As more and more workplaces are requiring their employees to get vaccinated against COVID-19, politicians are finding themselves facing questions about their own status, and some of them are not enjoying it, apparently.
Georgia Congresswoman Marjorie Taylor Greene‘s comments went viral when she declared that being asked her vaccine status was a violation of her rights, invoking HIPAA, the federal medical privacy law. And Spring Hill Rep. Blaise Ingoglia posted an email his staff received from Tampa Bay Times reporter Romy Ellenbogen Tuesday asking whether the Republican had been vaccinated.
“We’ve had some readers curious whether local politicians have been vaccinated or not, so we’re pulling together a list,” Ellenbogen wrote.
He replied 23 minutes later, flaying Ellenbogen for asking his staff, rather than him directly.
“This is some bullsh*t.” And then he added another tweet.
“Oh, by the way …come up with a better excuse for the question than ‘some readers’ are curious. That crap doesn’t work anymore.”
But it’s a perfectly legitimate line of questioning — especially in the context of this moment in time, a media ethicist said.

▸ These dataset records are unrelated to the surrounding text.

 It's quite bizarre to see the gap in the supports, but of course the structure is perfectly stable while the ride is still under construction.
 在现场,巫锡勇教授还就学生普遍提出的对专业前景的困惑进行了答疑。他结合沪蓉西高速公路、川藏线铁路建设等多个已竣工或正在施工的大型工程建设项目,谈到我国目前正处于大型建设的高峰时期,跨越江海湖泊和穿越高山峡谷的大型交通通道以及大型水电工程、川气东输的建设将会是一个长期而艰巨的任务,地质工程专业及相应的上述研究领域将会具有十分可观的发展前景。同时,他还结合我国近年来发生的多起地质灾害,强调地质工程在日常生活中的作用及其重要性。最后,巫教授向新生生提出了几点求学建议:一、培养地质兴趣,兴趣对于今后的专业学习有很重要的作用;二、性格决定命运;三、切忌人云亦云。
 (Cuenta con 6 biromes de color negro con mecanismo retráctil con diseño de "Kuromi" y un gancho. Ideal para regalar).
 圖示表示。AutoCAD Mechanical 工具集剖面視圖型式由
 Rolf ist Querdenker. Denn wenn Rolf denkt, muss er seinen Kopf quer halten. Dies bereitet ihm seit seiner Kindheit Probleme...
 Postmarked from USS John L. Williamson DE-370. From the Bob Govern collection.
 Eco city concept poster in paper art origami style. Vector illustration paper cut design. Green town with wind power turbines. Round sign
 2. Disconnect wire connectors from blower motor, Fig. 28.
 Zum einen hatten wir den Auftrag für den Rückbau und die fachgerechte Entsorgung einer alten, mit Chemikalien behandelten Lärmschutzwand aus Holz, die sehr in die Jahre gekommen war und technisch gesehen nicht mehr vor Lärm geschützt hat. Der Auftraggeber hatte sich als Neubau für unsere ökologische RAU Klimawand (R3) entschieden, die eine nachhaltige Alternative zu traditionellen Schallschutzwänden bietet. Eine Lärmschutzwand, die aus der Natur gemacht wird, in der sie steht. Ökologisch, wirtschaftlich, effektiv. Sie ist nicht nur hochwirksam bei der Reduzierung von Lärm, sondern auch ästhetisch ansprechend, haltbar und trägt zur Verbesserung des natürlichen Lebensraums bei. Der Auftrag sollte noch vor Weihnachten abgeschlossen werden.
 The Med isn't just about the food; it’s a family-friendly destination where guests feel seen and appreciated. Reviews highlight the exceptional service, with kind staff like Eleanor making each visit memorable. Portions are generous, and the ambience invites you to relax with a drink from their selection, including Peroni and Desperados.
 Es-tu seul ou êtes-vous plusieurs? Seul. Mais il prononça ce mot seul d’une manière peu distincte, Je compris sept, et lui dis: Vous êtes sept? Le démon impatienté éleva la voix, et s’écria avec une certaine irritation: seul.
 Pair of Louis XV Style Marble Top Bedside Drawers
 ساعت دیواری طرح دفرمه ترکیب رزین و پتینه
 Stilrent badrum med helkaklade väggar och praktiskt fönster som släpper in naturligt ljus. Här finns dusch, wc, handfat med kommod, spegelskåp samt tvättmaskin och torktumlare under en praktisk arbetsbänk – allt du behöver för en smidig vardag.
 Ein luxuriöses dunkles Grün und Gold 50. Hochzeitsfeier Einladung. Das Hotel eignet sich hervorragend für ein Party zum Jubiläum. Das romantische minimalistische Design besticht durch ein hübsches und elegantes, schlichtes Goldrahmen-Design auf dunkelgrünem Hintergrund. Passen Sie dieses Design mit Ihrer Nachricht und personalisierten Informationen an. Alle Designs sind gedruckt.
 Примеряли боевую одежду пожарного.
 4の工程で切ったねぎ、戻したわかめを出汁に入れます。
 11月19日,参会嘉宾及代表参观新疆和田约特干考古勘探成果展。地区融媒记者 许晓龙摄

“We are in a heated conversation as a nation over the laws about who can require vaccinations,” said Kelly McBride, chair of the Craig Newmark Center for Ethics and Leadership at the Poynter Institute. “For everybody in the country, revealing your vaccination status is a signal. It’s a different signal depending on what that status is and who you are talking to.”
“If you refuse to reveal your status, that is also a signal and it’s a confusing one. And it’s intended to be confusing,” she added.
Just like Greene, many of those who responded to Ingoglia’s tweet appear to think that an inquiry about one’s vaccination status is a HIPAA violation, but it’s not. HIPAA does not preclude one from revealing their own medical information and it doesn’t prohibit anyone from asking.
Ingoglia got a lot of support for the tweet.
‘I missed where electeds give up their medical privacy & freedom once elected,” Christian Ziegler, Vice Chairman of the Republican Party of Florida wrote.
Ingoglia does not answer the question about whether he’s vaccinated on the Twitter thread. When asked by Florida Politics via text, he said, “I am.”
He said he was not available to discuss it further on Wednesday.